#### What is required
All that is wanted is the lines from the first line of the listing below through the line containing "整座公园 (在建中 )", written out exactly with pictures left out.

#### Input for this task
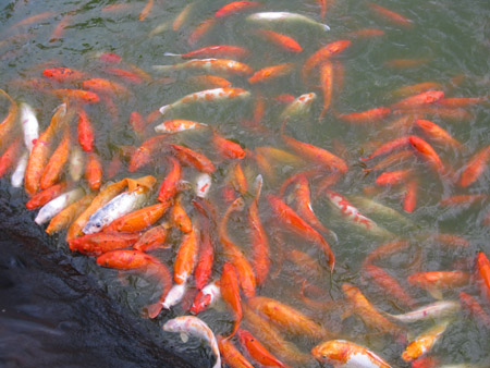 ![]() Feeding the koi in the irrigation pond |
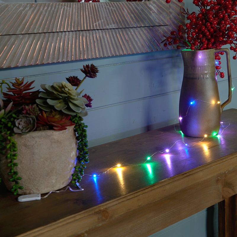 Светодиодная гирлянда Feron CL588 линейная Роса, мультиколор, 2м, с питанием от батареек, прозрачный шнур 51441
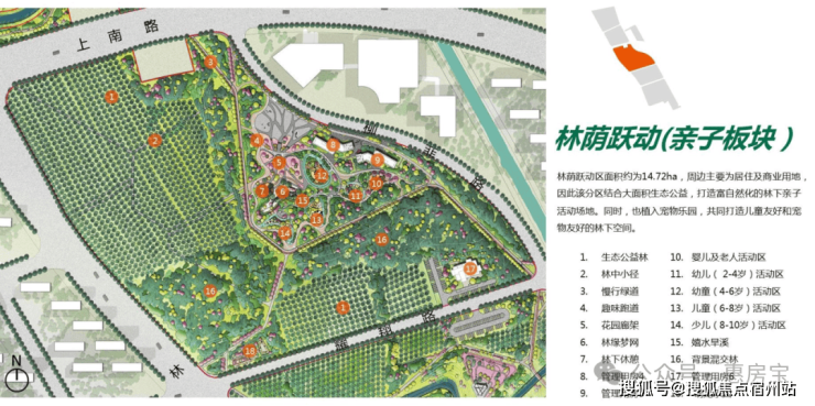 整座公园 (在建中 ) 划分为:湿地花园区、鸣湖共享区、林荫跃动区和社邻园艺区,四大功能分区。
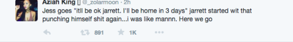 После этого Руди перевёз всю компанию в другой отель, потому что Джаррет растрепал всем в округе, что его девушка зарабатывает кучу денег — сутенёр думал, что их ограбят. Когда он уехал к невесте, Джаррет снова сорвался на Джесс и начал бить себя по лицу. В треде Зола предположила, что парень страдает от биполярного расстройства.
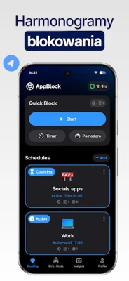 AppBlock -Blokuj Appki, Strony to narzędzie, które pomoże Ci skupić się na najważniejszych zadaniach. Blokuj rozpraszające aplikacje, strony internetowe i media społecznościowe, przejmij kontrolę nad czasem ekranowym i osiągnij cyfrowe samopoczucie.
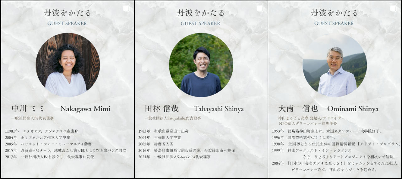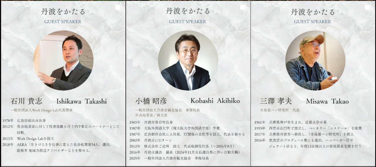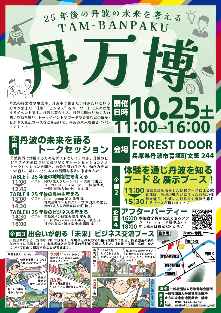 丹波の経営者や事業主、丹波市で働きたい住みたいという方々が集まり “ 仕事 ”  “ ビジネス ” をキーワードに人々が集まるイベントです。 丹波に暮らす人、丹波に関わりたい人の想いを持ち寄り、トークイベントやフードや企業などの展示・ビジネス交流ブースなどを設けます。
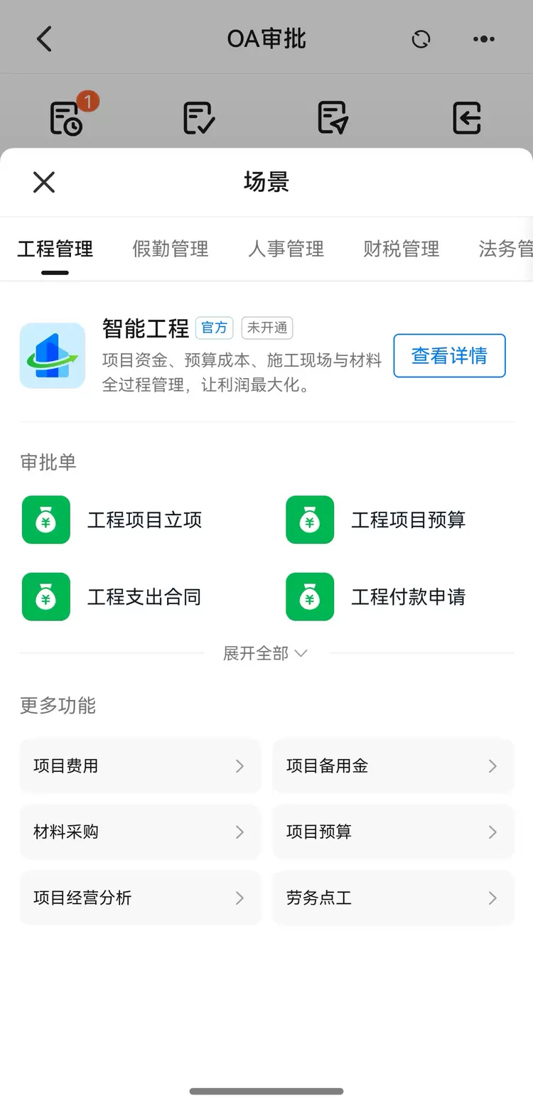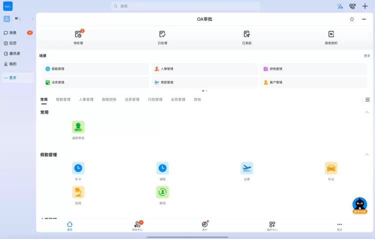 经实测发现,最新版本的OA审批功能已相当完善,组织内成员的假勤管理、人事管理、智能财务、法务管理、行政管理、业务管理等类别的审批事项,都可以在线上完成。大家可以在钉钉主界面“更多”入口里找到“审批”入口,快速提交审批事项,审批人也能直接在工作通知中查看并快速同意审批事项。鸿蒙原生版钉钉还预置了丰富的OA审批场景,比如智能差旅、资产采购、日常报销、工程项目立项等等,“开箱即用”,非常方便。
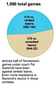 Lady Vols head coach Pat Summitt has not only produced a number of outstanding players during her 32 years at the helm of the Tennessee program, but a number of successful coaches as well. Currently, the list of coaches at the professional, collegiate and high school levels stands at 59 and represents 39 former players, 13 former graduate assistants, five assistant coaches and two managers, who now are serving or have served in the coaching ranks.
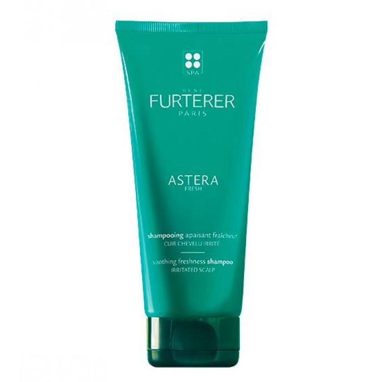 Rene Furterer Astera Fresh Shampoo Suavizante Refrescante limpa suavemente e acalma desde a primeira aplicação graças ao efeito de resfriamento dos óleos essenciais de hortelã e eucalipto. Rico em extrato de asterácea, acalma irritação e coceira para traz
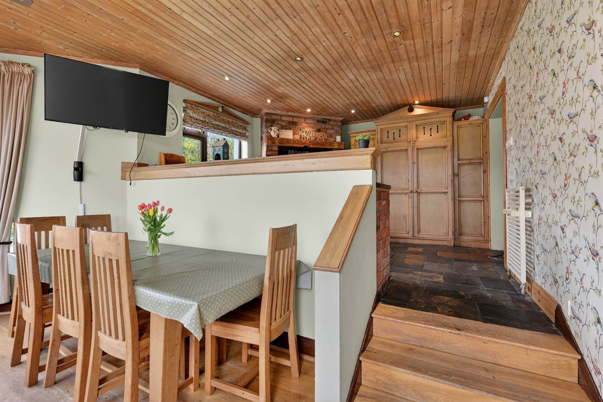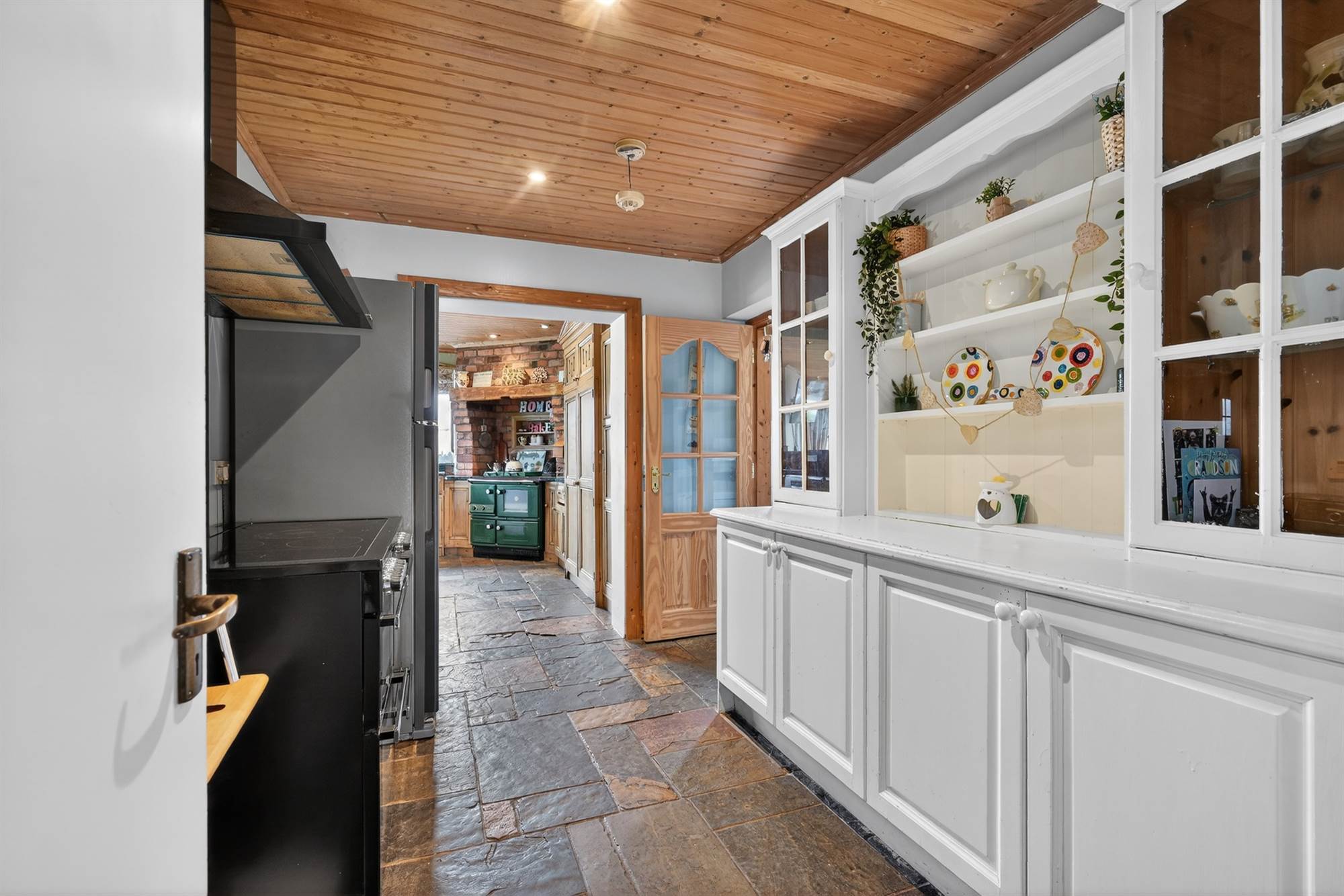 Integrated oven with extractor fan above. Additional built-in cabinets and shelving. Pine tongue and groove ceiling, Chinese slate floor. Square archway through to:

#### Answer box
 ![]() Feeding the koi in the irrigation pond |
 Светодиодная гирлянда Feron CL588 линейная Роса, мультиколор, 2м, с питанием от батареек, прозрачный шнур 51441
 整座公园 (在建中 ) 划分为:湿地花园区、鸣湖共享区、林荫跃动区和社邻园艺区,四大功能分区。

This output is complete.